For the data below, retype word for word the lines from the one containing "This paper analyzes" through the one containing "Setting up flight"; drop the pictures.

**Source data**
# # # #

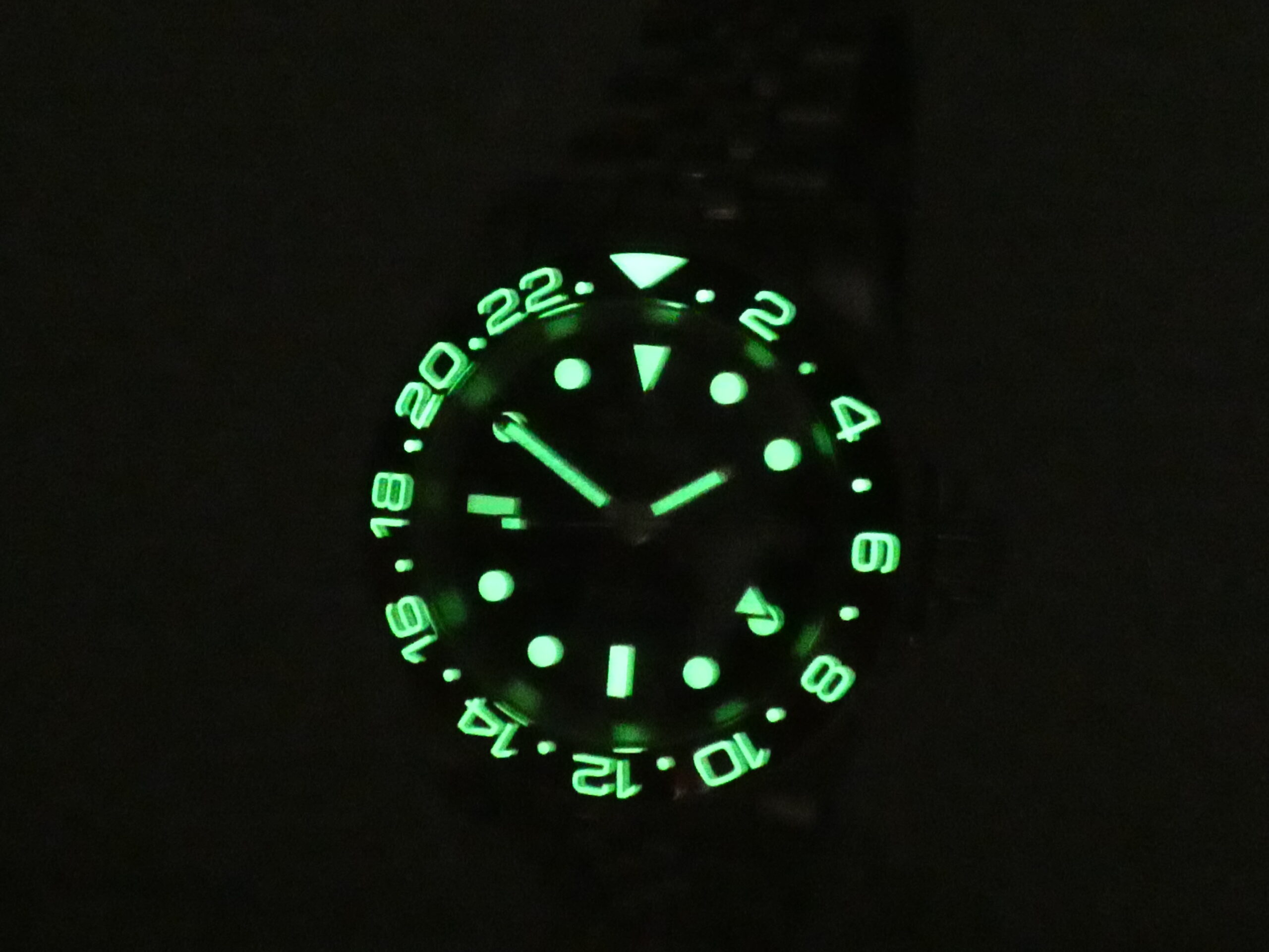 Bezel: Coke, with knurled profile for a better grip, unidirectional rotating bezel with 24-hour scale for setting the GMT
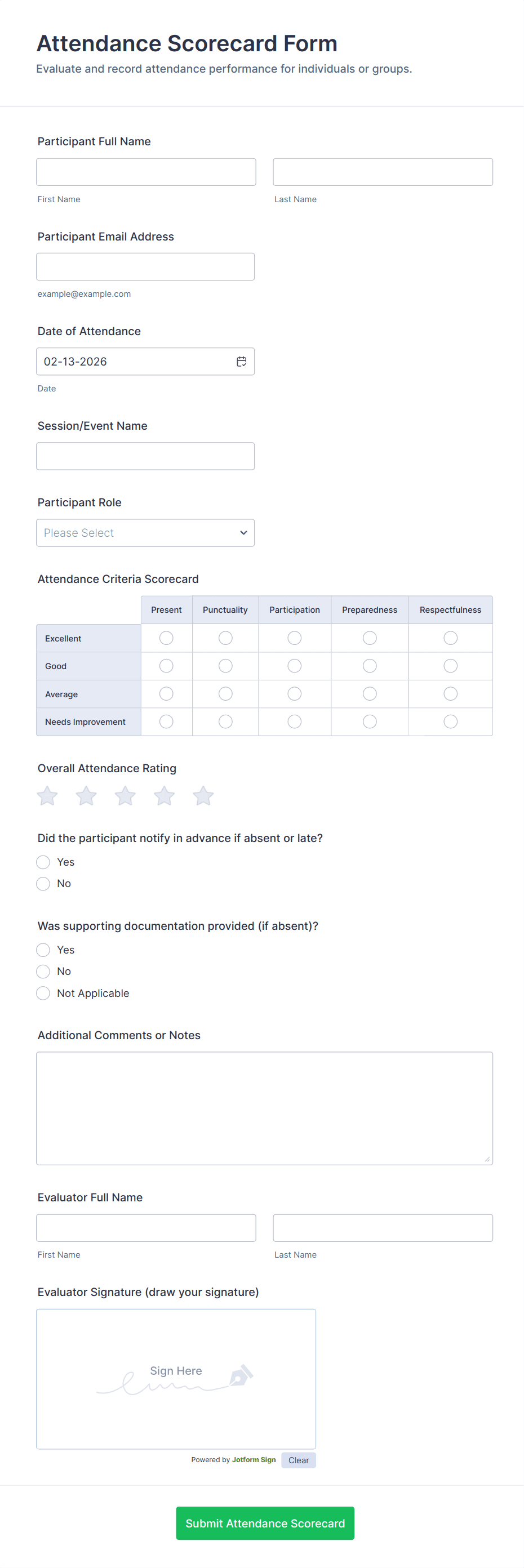 An Attendance Form is a versatile form template designed to facilitate event attendance tracking, employee attendance logging, student attendance records, training and onboarding tracking, volunteer attendance management, and fitness and sports attendance
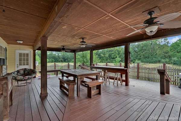 - Covered Deck, Covered Patio/Porch, Fence, Lighting, Private Yard, Stable/Barn
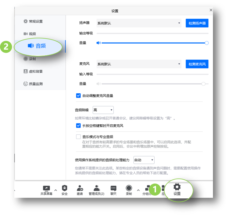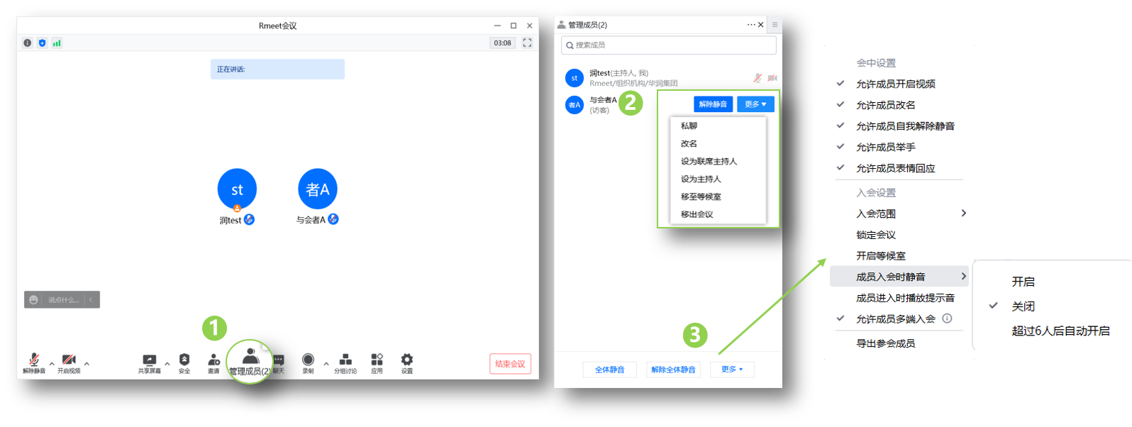 - 工具栏下方,可【全体静音】,【解除全体静音】,【更多】:允许成员自我解除静音、入会设置(锁定会议、开启等候室、成员进入时播放提示音、入会成员限制、成员入会时静音、导出参会者)
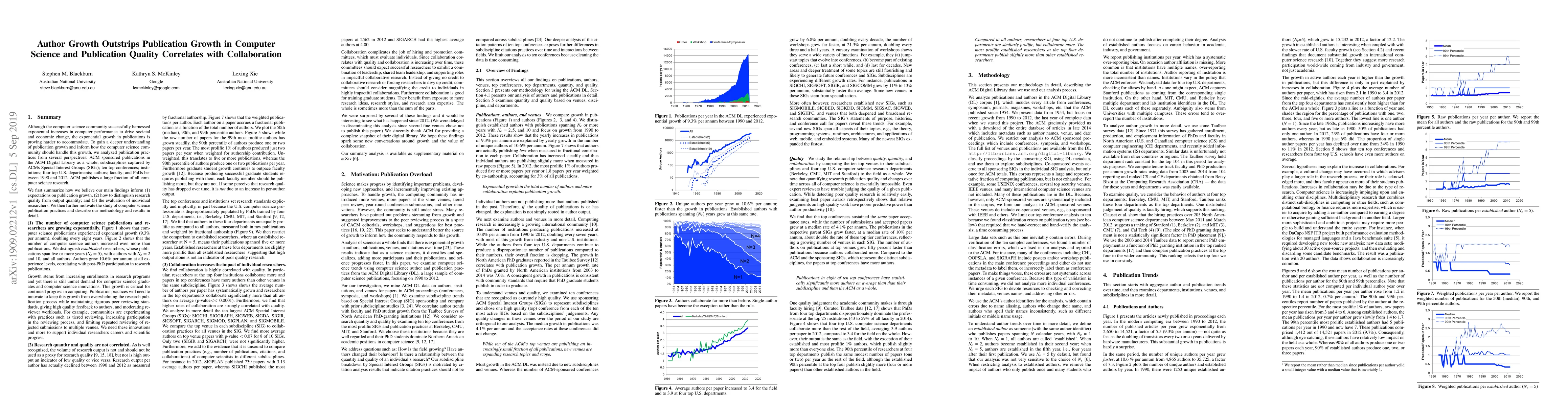 This paper analyzes the growth of computer science publications from 1990 to 2012, finding that author growth has outpaced publication growth, and that publication quality correlates with collaboration. The study aims to inform expectations on publication growth, distinguish research quality from quantity, and evaluate individual researchers.
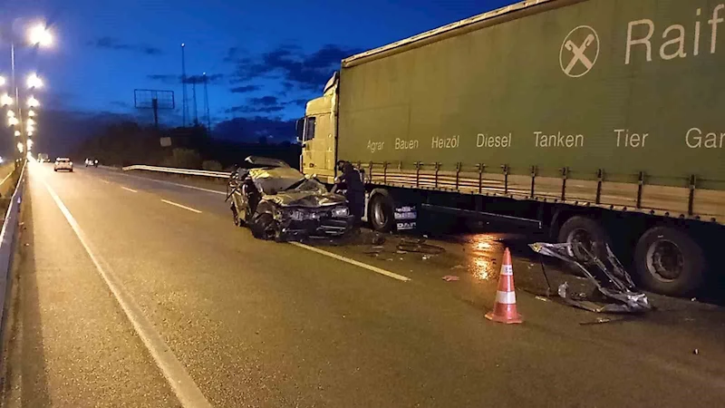 Tıra çarpan otomobil hurdaya döndü: 1 yaralı
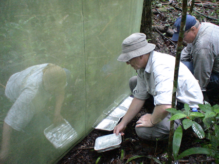 Setting up flight intercept trap at Las Cuevas, Photo J. Orozco. |
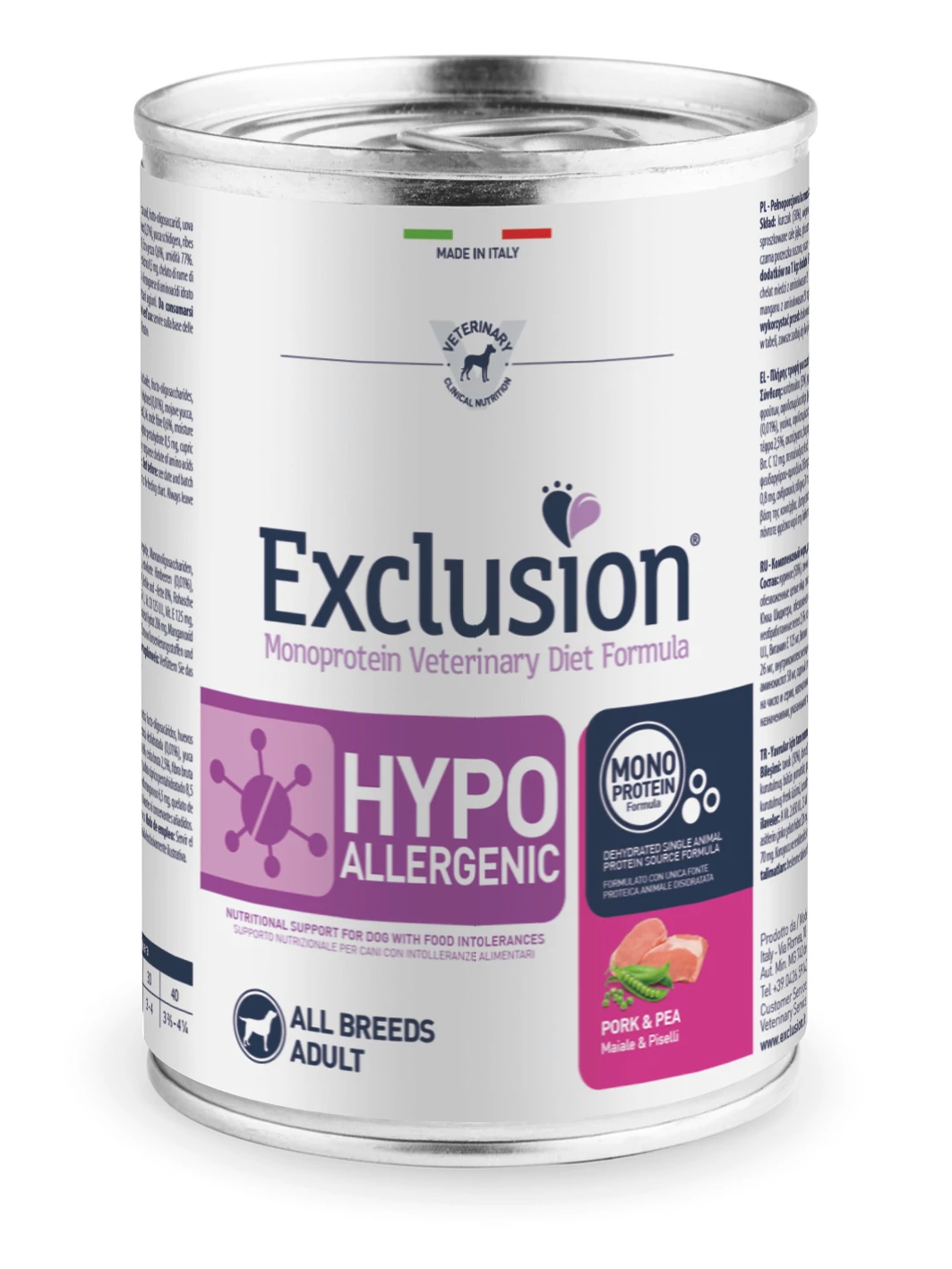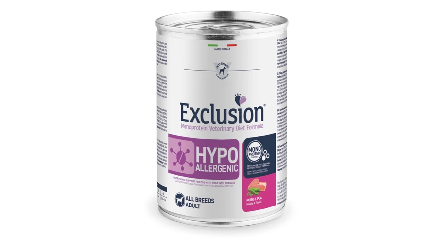 Az Exclusion Diet Hypoallergenic Pork and Pea egy teljesértékű diétás eledel felnőtt kutyák számára, melyet az összetevők és a tápanyag intollerancia csökkentésére fejlesztettek ki. Ez a komplett diétás eledel válogatott forrásból származó fehérjéket és szénhidrátokat tartalmaz.

# # # #

**OUTPUT OF THE TASK**
 This paper analyzes the growth of computer science publications from 1990 to 2012, finding that author growth has outpaced publication growth, and that publication quality correlates with collaboration. The study aims to inform expectations on publication growth, distinguish research quality from quantity, and evaluate individual researchers.
 Tıra çarpan otomobil hurdaya döndü: 1 yaralı
 Setting up flight intercept trap at Las Cuevas, Photo J. Orozco. |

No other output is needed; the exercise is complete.